In one embodiment, the electronic device may determine a first feature value in the second region feature map that is capable of characterizing a region of a human hand, and then correspond the first feature value to a region of locations in the sample image as the region of the human hand in the sample image.

For example, the electronic device may determine a feature value in the second region feature map that is greater than a first preset threshold as the first feature value.

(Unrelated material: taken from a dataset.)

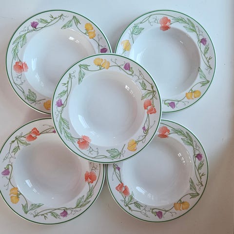 Selger et stort serveringsfat fra Figgjo Flint med blå blomster dekor (se bilder!). Diameter 31 cm, høyde 4,5 cm. Uten nag eller skår og ingen krakkelering. Noen svake bruksspor i bunn. Sannsynlig fra 1950-1960 tall. I følge Jærmuseet (digitalmuseeum.no) er Ragnar Grimsrud formgiver og dekor sannsynligvis av Rolf Frøyland.

In addition, the electronic device may determine a second feature value in the second keypoint feature map that is capable of characterizing the two-dimensional human hand keypoint, and then correspond the second feature value to a position in the sample image as the two-dimensional human hand keypoint in the sample image.

For example, the electronic device may determine a feature value in the second key point feature map that is greater than a second preset threshold as the second feature value.

The number of the two-dimensional human hand key points can be 21, and the gestures can be determined through the 21 two-dimensional human hand key points.

Therefore, the number of the second key point feature graphs can be 21, and the electronic device can determine one two-dimensional human hand key point according to one second key point feature graph, and then can determine 21 two-dimensional human hand key points.

Correspondingly, the electronic equipment can train model parameters of the hand recognition network model by combining the difference between the second hand projection information and the hand information corresponding to the marked sample image and predicting the difference between the hand information and the hand information corresponding to the marked sample image.

Wherein the predicted human hand information comprises a human hand region in a predicted sample image and/or a two-dimensional human hand keypoint in the predicted sample image.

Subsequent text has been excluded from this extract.